Я не в силах перечислить все, что Амелия уложила в эту шкатулку. Тут были и всевозможные лекарства, которыми ее снабдила мать, а та слыла в своей округе чем-то наподобие леди Баунтифул. Но драгоценнее всего была для меня прядь ее волос, которую я с тех пор ношу на груди. Чего бы я тогда не отдал за портрет моего милого ангела; но месяцем раньше он исчез из ее комнаты, и у нас были все основания предполагать, что похитительницей была ее сестра; кроме нее заподозрить в этом можно было только служанку Амелии, но та отличалась сугубой честностью, и госпожа нередко доверяла ей гораздо более ценные предметы; портрет, правда, был помещен в золотую рамку с двумя или тремя бриллиантами, но стоил всего лишь около двенадцати гиней, тогда как Амелия оставляла под ее присмотром украшения, куда более дорогие.
– В самом деле, – воскликнула мисс Мэтьюз, – стоило ли сестре Амелии размениваться на столь мелкое воровство?
– На золото или бриллианты она, разумеется, не польстилась, – воскликнул Бут. – Мы отнесли это за счет злобы, которую она против нас затаила: ведь она отлично знала, что кроме самой Амелии я ничем так не дорожил, как этим маленьким портретом. Он был настолько подобен оригиналу, что даже самому Хогарту, я думаю, не удавалось добиться большего сходства. Желание досадить было поэтому единственной причиной этого безжалостного похищения, и то, как мисс Бетти себя тогда вела, достаточно убедило нас обоих в справедливости наших подозрений, хотя ни один из нас не осмелился обвинить ее, а у нее самой хватило наглости весьма настойчиво (хотя и безуспешно) требовать от Амелии, чтобы та прогнала ни в чем не повинную служанку, заявляя, что она не станет жить под одной крышей с воровкой.
При этих словах мисс Мэтьюз отпустила по адресу мисс Бетти несколько нелицеприятных выражений, каковые, пожалуй, не стоит здесь повторять, после чего мистер Бут продолжил свой рассказ.
Глава 4
Морская сцена
На следующий день мы присоединились к моему полку, которому предстояло скорое отплытие. Лица всех офицеров и солдат выражали одно лишь веселье и радость; я встретил среди них и своих приятелей, с которыми не виделся уже более года, и провел с ними несколько счастливых часов: образ моей бедной Амелии только изредка возникал передо мной, затмевая радости дружеской беседы. Говоря по правде, дорогая мисс Мэтьюз, даже самая пылкая страсть и та постепенно притупляется, да и разлука с ближайшими друзьями не столь непереносима, как поначалу думается. На самом деле время и расстояние врачуют то, что они, казалось, должны были бы лишь усугублять; прощаться с друзьями – все равно, что прощаться с жизнью, а ведь, говорят, ужасна не смерть, а умирание.

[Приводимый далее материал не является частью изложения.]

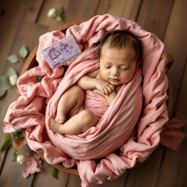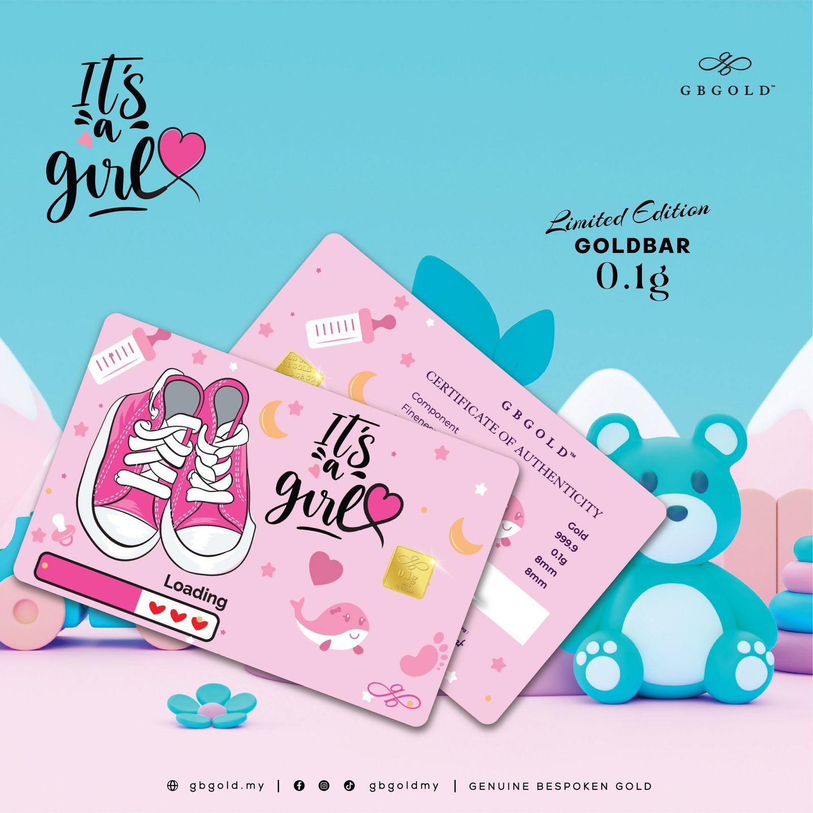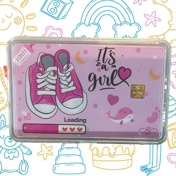 The 0.1g newborn gold card is a baby girl-themed card with a pink background and a playful design. It features a pair of pink sneakers, a baby bottle, a whale, stars, and hearts. The text “It’s a Girl” is written in a whimsical font. The card also includes a “Loading” bar with hearts, indicating the anticipation of the baby’s arrival. The gold bar itself is 0.10g and made of 999.9 fine gold. The card is encased in a clear plastic case.
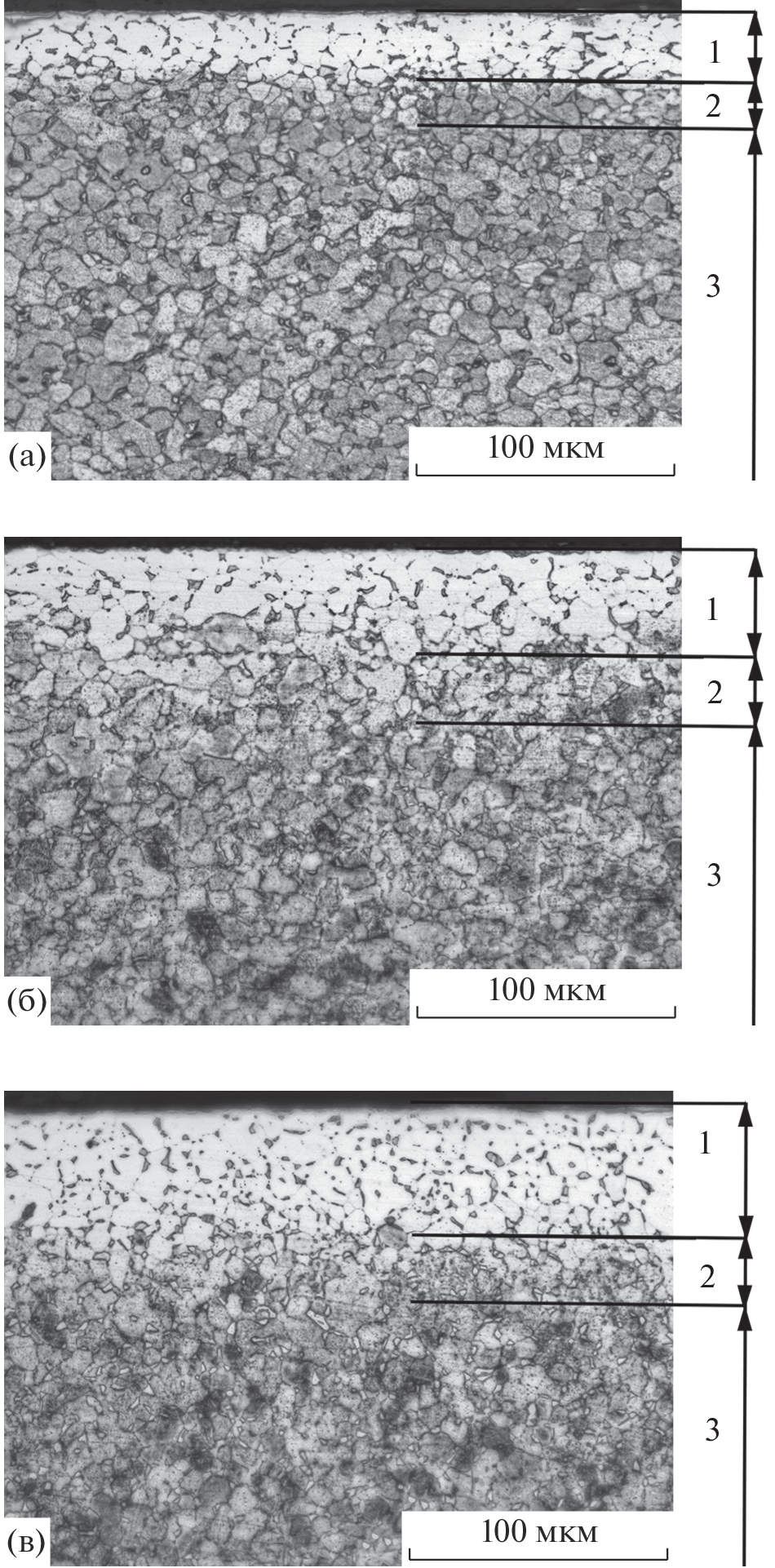 Ti–6Al–5V titanium alloy was subjected to surface saturation with carbon, nitrogen, and oxygen in order to study the effect of surface modification on its wear resistance and biocompatibility. The alloy was saturated with carbon and nitrogen in low-pressure atmospheres. Oxygenation was carried out by heating the alloy in a solid carburizing agent. The structure and phase state of the grown layers were studied by optical microscopy and X-ray diffraction. General trends in the saturation of the titanium alloy with nonmetals are the formation of a diffusion layer and an increase in the amount of phases based on the α-Ti solid solution, followed by the formation of intermediate phases, such as carbides, nitrides, and oxides differing in stoichiometry, on the surface of the continuous layer. After saturation, the alloy was covered with thin carbide, nitride, and oxide surface layers and had diffusion layers under them. The hardness of the nitrogenated and oxygenated surfaces was 950–1000 HV, and that of the surfaces saturated with carbon was 570 HV. The wear resistance of the alloy was lowest in the as-prepared state and highest after oxygenation. Biocompatibility was assessed from the proliferation of osteoblast-like cells of the MG-63 line. The best biocompatibility was demonstrated by the oxygenated samples, and the biocompatibility of the nitrogenated samples was better than that of the carburized samples. The untreated alloy showed the lowest biocompatibility.

При этих словах мисс Мэтьюз расхохоталась и воскликнула:
– Простите меня великодушно, но я не могла удержаться от смеха, слушая, как глубокомысленно вы философствуете.
Бут ответил, что размышление о страстях всегда было его излюбленным занятием и что человек, по его убеждению, поступает всецело под воздействием возобладавшей в его душе страсти.
– Могу ли я, – прибавил он, – без крайнего презрения к себе думать о том, что есть на земле удовольствия, способные хоть на мгновение вытеснить из моей души мысли об Амелии?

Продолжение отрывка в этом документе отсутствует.